§ Work order
Please reproduce the listing word for word. Pictures stay out.

§ Dataset section
::::::
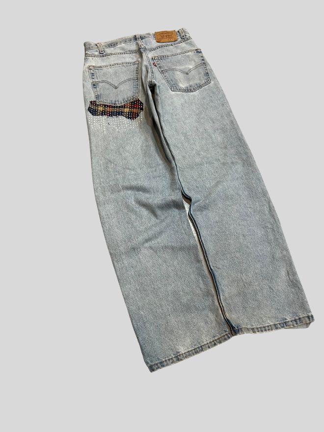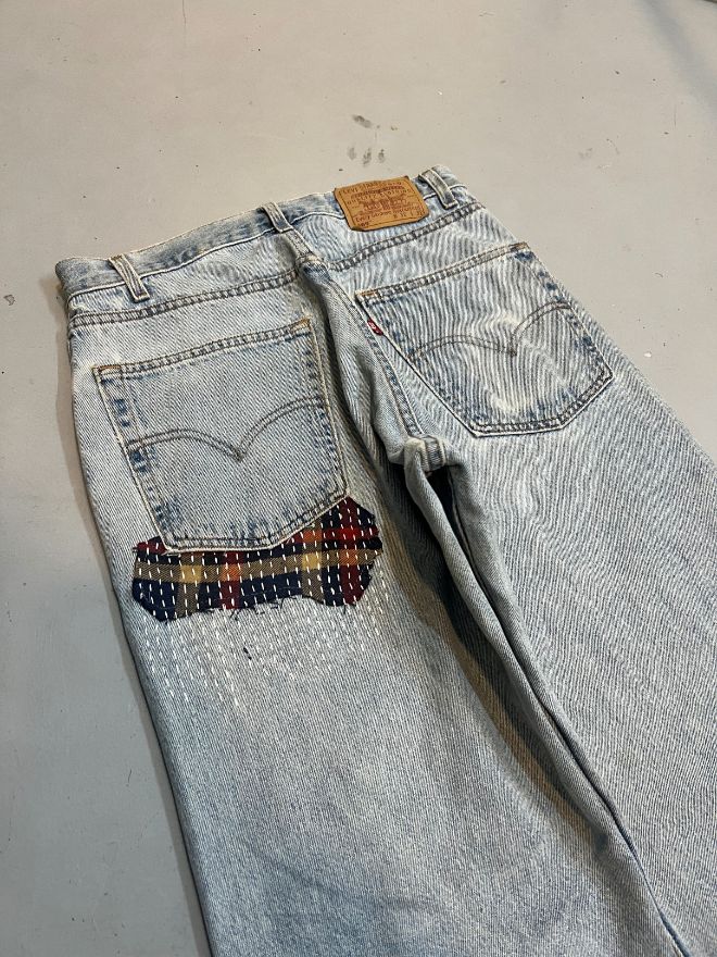 These Vintage Levi’s 569 Shashiko Work Jeans showcase a rugged workwear aesthetic combined with a relaxed, straight-leg 569 fit. Designed for durability and everyday comfort, this pair reflects Levi’s heritage craftsmanship while offering a versatile silhouette that works well for both casual and workwear-inspired styling.
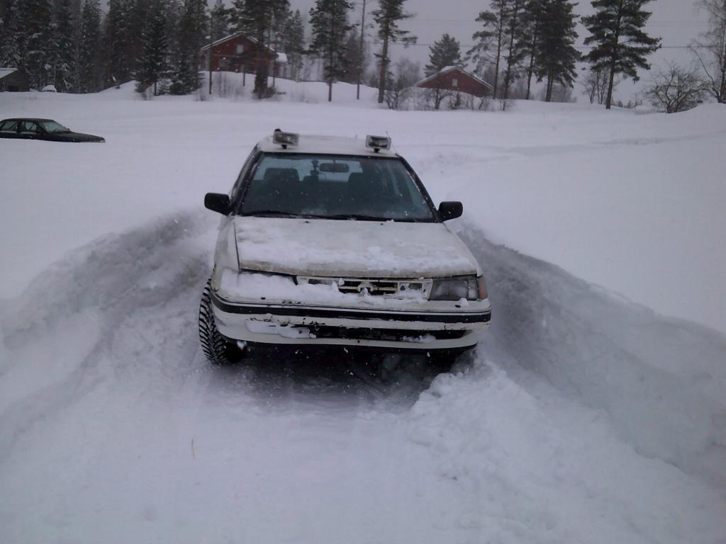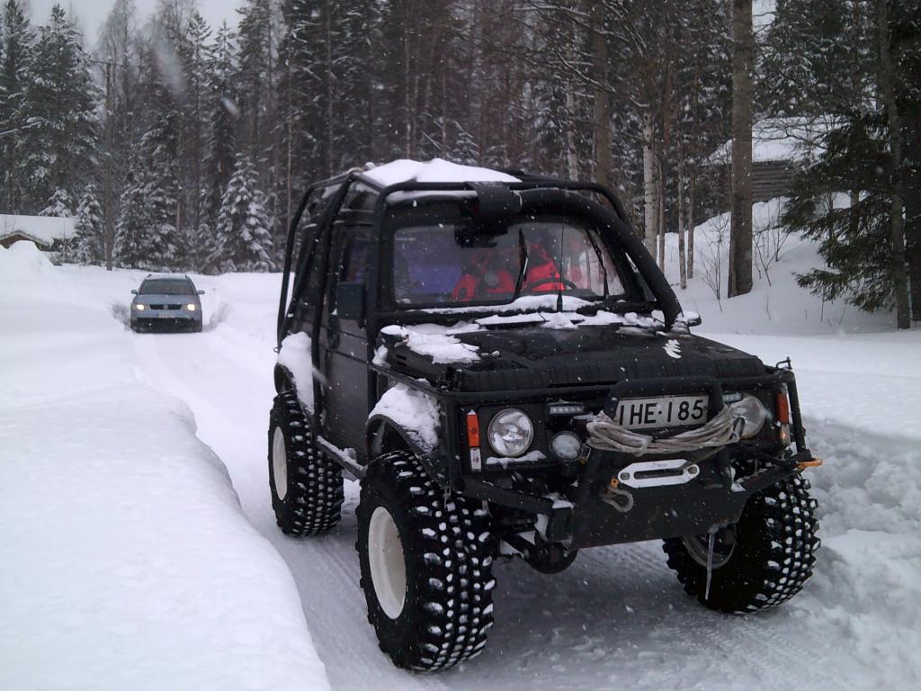 Jäi taas viimetippaan ja Pajero syvällä hangessa,muttei auta kun kaivaa esiin ja ilmaa renkaisiin,ja eikun mukaan matkaan.
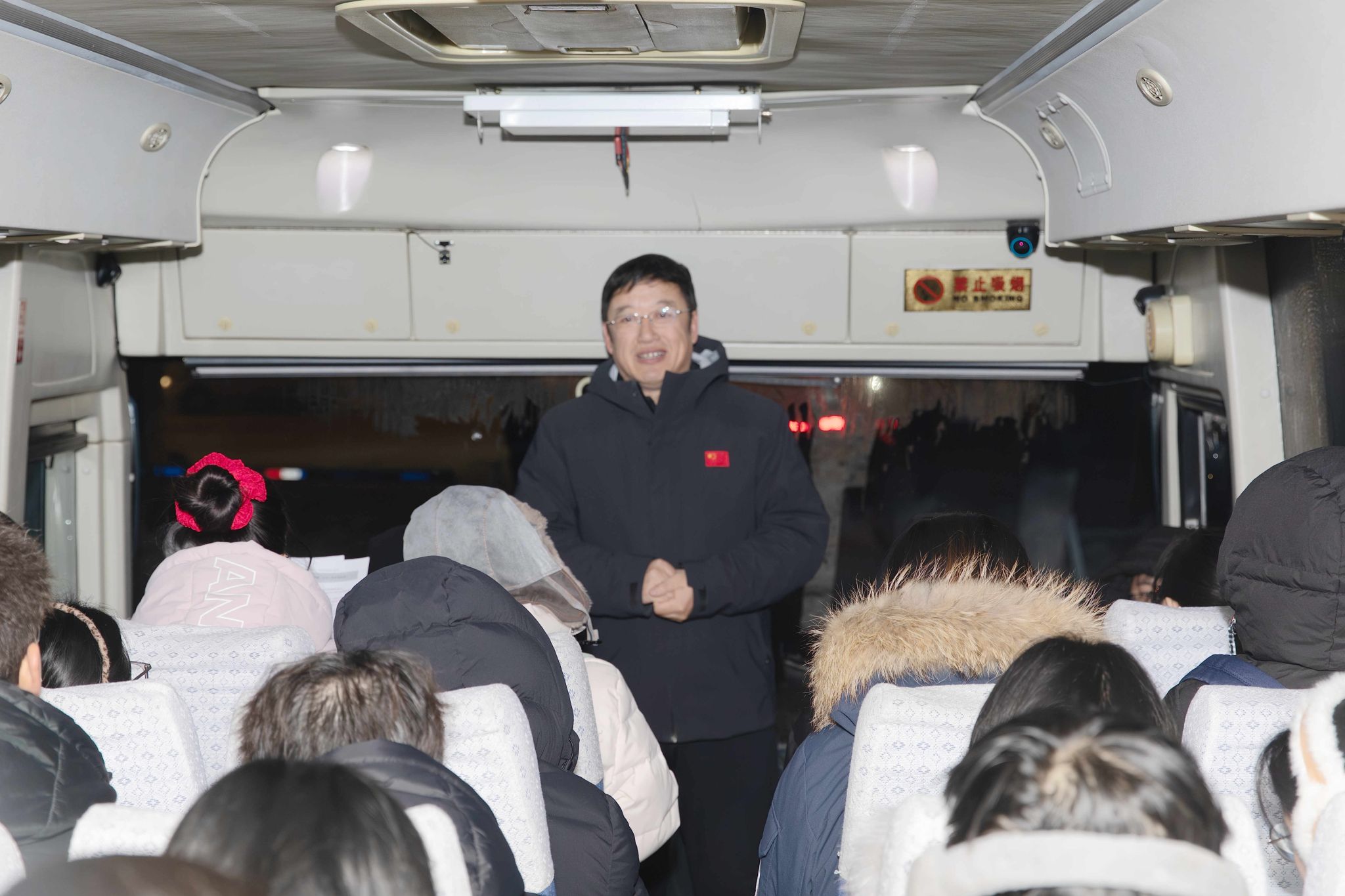 清晨六点半,天色未明,寒风凛冽,一辆辆承载暖意和爱意的大巴车整齐排列,等待着将考研学子安全送达考点。校领导们早早来到各集合点,走上大巴车送上温馨祝福,与考生们亲切交流,叮嘱大家放松心态、沉着应考,并亲手为考生送上寓意“甜蜜顺利”的糖果礼包,一句句真挚的祝福、一份份贴心的礼物,传递着学校对学子们如家人般的牵挂与支持。
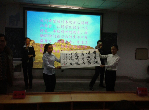 下午17:00活动正式开始,土木工程系的学生将自己精心制作的作品以及艺术设计系学生捐献的作品进行爱心义卖,义卖现场气氛非常活跃,在场的老师和同学们纷纷献出了自己的爱心。最后,经过紧张而热烈的义卖,共筹得善款2193元,这些善款已全部购买为适合小学生使用的学习文具,连同各系同学们捐助的衣物已经送到了会宁县吴乡金川希望小学孩子们的手中。
::::::
§ Exercise output
 These Vintage Levi’s 569 Shashiko Work Jeans showcase a rugged workwear aesthetic combined with a relaxed, straight-leg 569 fit. Designed for durability and everyday comfort, this pair reflects Levi’s heritage craftsmanship while offering a versatile silhouette that works well for both casual and workwear-inspired styling.
 Jäi taas viimetippaan ja Pajero syvällä hangessa,muttei auta kun kaivaa esiin ja ilmaa renkaisiin,ja eikun mukaan matkaan.
 清晨六点半,天色未明,寒风凛冽,一辆辆承载暖意和爱意的大巴车整齐排列,等待着将考研学子安全送达考点。校领导们早早来到各集合点,走上大巴车送上温馨祝福,与考生们亲切交流,叮嘱大家放松心态、沉着应考,并亲手为考生送上寓意“甜蜜顺利”的糖果礼包,一句句真挚的祝福、一份份贴心的礼物,传递着学校对学子们如家人般的牵挂与支持。
 下午17:00活动正式开始,土木工程系的学生将自己精心制作的作品以及艺术设计系学生捐献的作品进行爱心义卖,义卖现场气氛非常活跃,在场的老师和同学们纷纷献出了自己的爱心。最后,经过紧张而热烈的义卖,共筹得善款2193元,这些善款已全部购买为适合小学生使用的学习文具,连同各系同学们捐助的衣物已经送到了会宁县吴乡金川希望小学孩子们的手中。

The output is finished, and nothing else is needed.